User Question: I’m just now beginning to learn AI, but don’t really know much about it. What would be the best way for me to learn?
Our premise is that, if you have data then you can be a data scientist or, what we call, a citizen data scientist in the sense that if you have data and know the questions that you want to ask with this data, then you have everything you need to get started. MindsDB is meant for you to actually build machine learning models through MindsDB and get explanations from it. It tries to change the paradigm from being someone who knows AI or being someone who learns machine learning to being someone who understands what the important questions to answer and what data they should get to answer those specific questions. The machine learning framework and explainability are there for you when you can get to that place where you understand the questions you need to ask and the data you need to answer those questions.
As you get more confident with that part then you can start diving deeper into how these models are being built. We expose this to you through the fact that MIndsDB is open source and that we have a framework that allows you to dive deep into how this happens, which is MindsDB Lightwood.

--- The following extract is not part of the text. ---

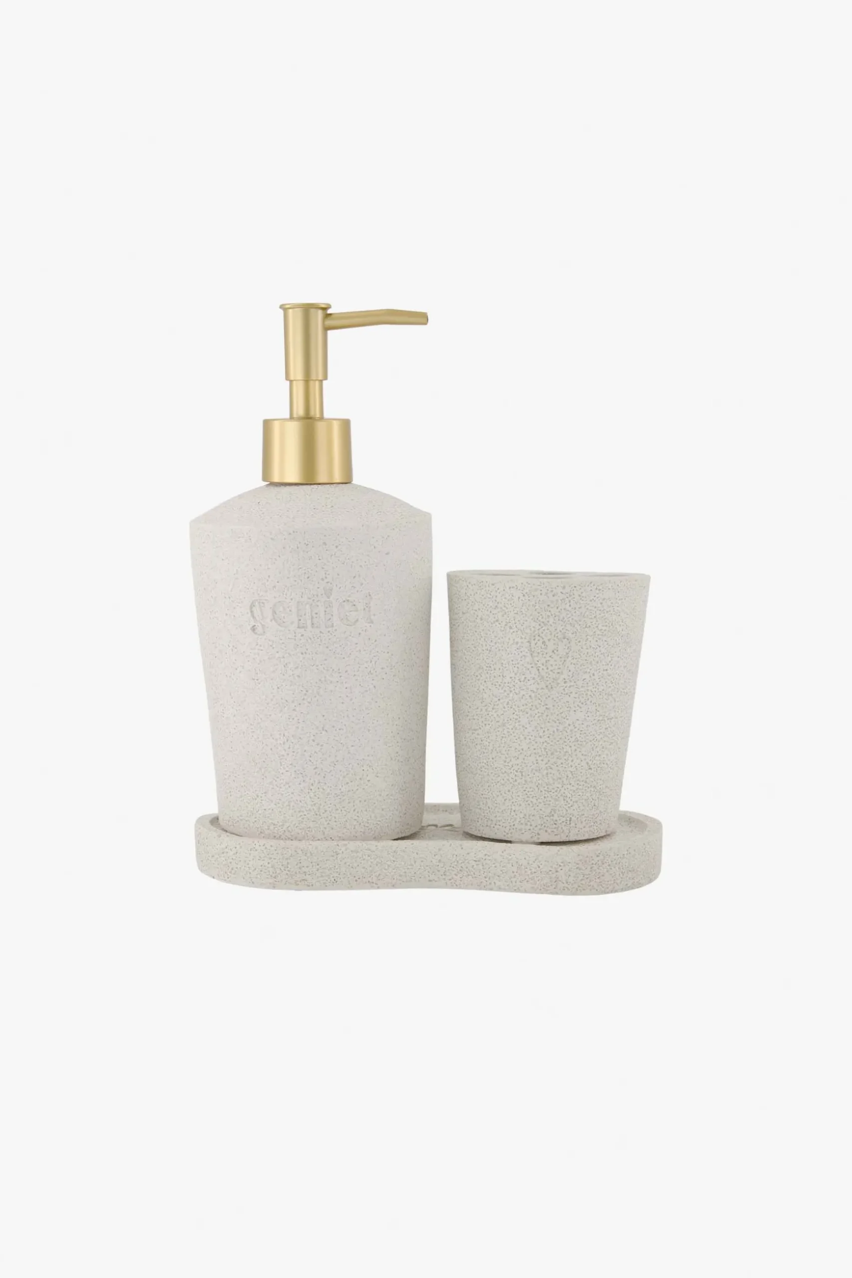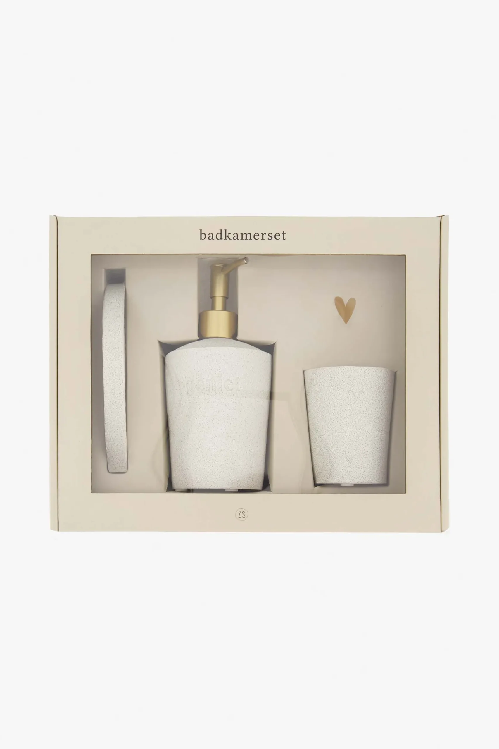 Zusss badkamerset zand|Met deze leuke badkamerset van Zusss maak jij jouw badkamer helemaal af! Deze set bestaat uit een 3 zandkleurige producten. Deze items zijn gemaakt van polyresin. Ook erg leuk om als kado te geven!Tip: neem ook een kijkje bij de Zusss verzorgingsproducten!|Zusss: basic, stoer, uniek en een tikkeltje eigenwijs.

So the advice I have for someone who is just starting is to first try to think of or find a data set that is close to you. There are many places, like Kaggle, to find data sets that are interesting to what you or to what your domain expertise is. After you have a data set, try MindsDB. Try to from the MindsDB Graphical User Interface, Scout, to the native model that we have–the python one, and then once you feel comfortable with what you’re getting there (also feel free to like provide feedback and let us know the things that don’t make sense because again we want to make sure that this is a suitable solution for people that have some data). As you progress down that line then–because we want everyone to understand what’s happening inside of MindsDB–you can go into MindsDB Lightwood and try to change the weights of how some of the vector representations or how these mixers are being built.